# Hanging Burlap



## Schmidt & Co.

Started the wall prep on a paper job today. The customer is replacing some of the 54'' commercial grade I was expecting to hang, with real burlap, and no backing. I know I probably should hang a liner first, but it's not in the budget. They will also be painting it themselves after I'm done. A concern of the customers is that the paste will pass through the weave of the burlap and lose some of it's texture. They did some mock-up's themselves & I could see some of the areas they had a concern with. 

I'm thinking of lightly pasting the wall first with clay & see how my first test panel goes...any suggestions?

As a side note, I will also suggest they prime the burlap with guards prior to painting.


----------



## ProWallGuy

Yeah, I'd dry hang it will clay also. Paste the wall, and let it tack up to the point of almost dry. Then run the roller over it to 're-wet' it, and hang. 

Have you tried to trim the edges on a table, or do you plan on busting the seams on the wall?

Also bring some big push pins to hold it in place until it grabs the wall and dries.

Why the Gardz for a primer?

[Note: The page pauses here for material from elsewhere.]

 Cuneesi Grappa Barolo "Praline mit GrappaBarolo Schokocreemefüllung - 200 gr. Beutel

I'd probably opt for an acrylic myself.


----------



## Schmidt & Co.

Thanks for the input PWG. I haven't cut into it yet, but am going to try busting the seams. Just have to see how it goes.

I was thinking guards because I was worried that a regular acrylic would re-wet the clay & bubble up the burlap. This is real burlap & I can see my hand through it.....


----------



## daArch

I concur, dry hang with clay - but use strippable clay. Once they paint it you want the strippable so it can be pulled off the wall.

You said


> A concern of the customers is that the paste will pass through the weave of the burlap and lose some of it's texture.

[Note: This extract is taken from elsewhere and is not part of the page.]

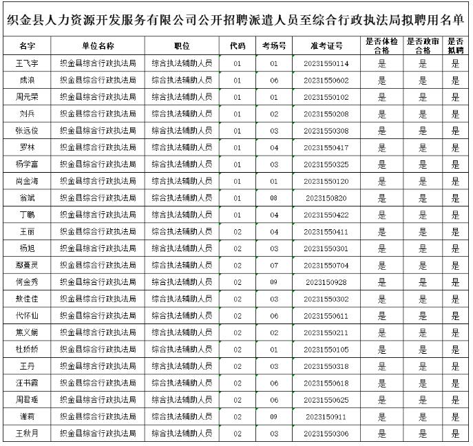 根据《织金县人力资源开发服务有限公司面向社会公开招聘23名派遣人员至织金县综合行政执法局工作的公告》,经过报名、笔试、面试、资格审查、体检、政审等程序,现对拟聘人员(名单见附件1)予以公示。
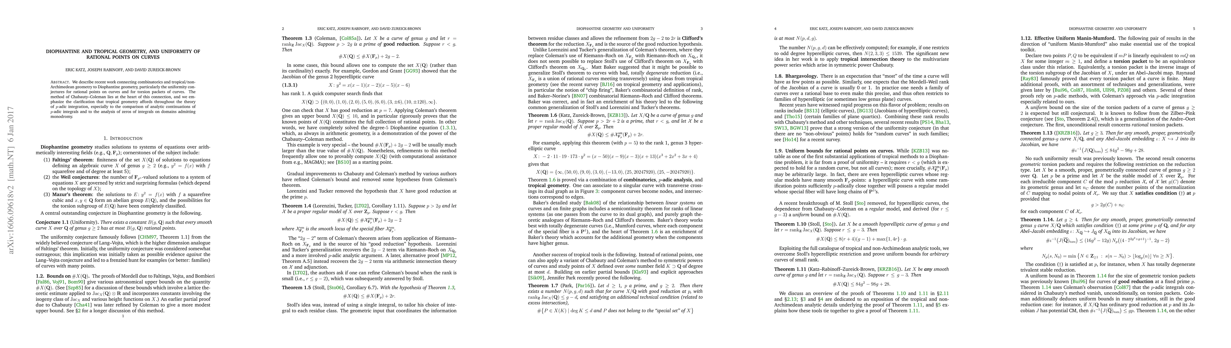 We describe recent work connecting combinatorics and tropical/non-Archimedean geometry to Diophantine geometry, particularly the uniformity conjectures for rational points on curves and for torsion packets of curves. The method of Chabauty--Coleman lies at the heart of this connection, and we emphasize the clarification that tropical geometry affords throughout the theory of $p$-adic integration, especially to the comparison of analytic continuations of $p$-adic integrals and to the analysis of zeros of integrals on domains admitting monodromy.

And they don't think paint will do that ????? Hmmmmmm


----------



## Schmidt & Co.

Thanks for the input guys. Nice to have some reasurance on my thoughts on how to tackle this! 

I started hanging today & it went fine. The only glitch are the double cuts. Like I said in the first post, there is no backing so the burlap wants to frey & its a pain in the azz to make it look decent. Luckily the walls are all cut up, & the burlap is 7' wide, so I'll only have 2 seams to bust. 

Thanks again.


----------